A)  one    B)  None    C)  Two    D) more than two

Solution :

f(x) = x² - 3x

g(x) = 2x + 14

f(k) = g(k)

k² - 3k = 2k + 14

k² - 3k - 2k - 14 = 0

k² - 5k - 14 = 0

(k - 7) (k + 2) = 0

k = -2 and k = 7

So, it will have two solutions.

Problem 9 :

If (x + y)² - (x - y)² = 60 and x and y are positive integers, which of the following could be the value of x + y?

A)  6     B)  8     C)  10    D)  12

Solution :

(x + y)² - (x - y)² = 60

x² + y² + 2xy - (x² + y² - 2xy) = 60

x² + y² + 2xy - x² - y² + 2xy = 60

4xy = 60

xy = 60/4

xy = 15

The possible values of x and y are

x = 3, y = 5 or x = 1 and y = 15

x + y = 3 + 5 ==> 8

(or)

x + y = 1 + 15 = 16

So, option B is correct.

Problem 10 :

y = 3x - 1

y = (x + 1)²

The system of equations above has how many solutions ?

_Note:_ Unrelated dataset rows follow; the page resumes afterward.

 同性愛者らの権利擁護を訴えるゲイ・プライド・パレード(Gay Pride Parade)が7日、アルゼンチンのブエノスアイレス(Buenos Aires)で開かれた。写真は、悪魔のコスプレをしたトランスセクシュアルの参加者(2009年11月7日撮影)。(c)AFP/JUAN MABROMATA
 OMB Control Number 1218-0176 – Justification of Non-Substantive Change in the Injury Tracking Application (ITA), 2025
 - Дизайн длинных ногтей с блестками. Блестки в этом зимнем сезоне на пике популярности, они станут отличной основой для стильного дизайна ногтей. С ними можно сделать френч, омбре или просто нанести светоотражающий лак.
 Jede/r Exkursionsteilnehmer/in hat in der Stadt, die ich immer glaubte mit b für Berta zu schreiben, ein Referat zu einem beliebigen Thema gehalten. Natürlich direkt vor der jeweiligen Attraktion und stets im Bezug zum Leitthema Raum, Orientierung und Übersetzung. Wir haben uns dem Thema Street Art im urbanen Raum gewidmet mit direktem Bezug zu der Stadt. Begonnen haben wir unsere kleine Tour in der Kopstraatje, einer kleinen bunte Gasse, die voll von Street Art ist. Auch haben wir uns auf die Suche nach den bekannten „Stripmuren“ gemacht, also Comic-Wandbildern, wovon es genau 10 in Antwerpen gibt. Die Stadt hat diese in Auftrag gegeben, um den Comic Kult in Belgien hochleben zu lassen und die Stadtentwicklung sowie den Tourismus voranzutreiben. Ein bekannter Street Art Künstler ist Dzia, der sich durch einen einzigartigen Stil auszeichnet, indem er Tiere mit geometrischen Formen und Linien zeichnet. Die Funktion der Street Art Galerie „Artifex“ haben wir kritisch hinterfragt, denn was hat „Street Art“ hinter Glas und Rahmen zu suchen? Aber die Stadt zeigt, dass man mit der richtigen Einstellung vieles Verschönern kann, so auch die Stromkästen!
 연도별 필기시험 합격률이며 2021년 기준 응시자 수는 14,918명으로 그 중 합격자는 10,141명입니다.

A)  0     B)  1     C)  2    D) infinitely many

Solution :

y = 3x - 1  ----(1)

y = (x + 1)²   ----(2)

(1) = (2)

3x - 1 = (x + 1)² 

3x - 1 = x² + 2x + 1

x² + 2x + 1 - 3x + 1 = 0

x² - x + 2 = 0

(x + 2)(x - 1) = 0

x = -2 and x = 1

So, the system has two solutions, option C is correct.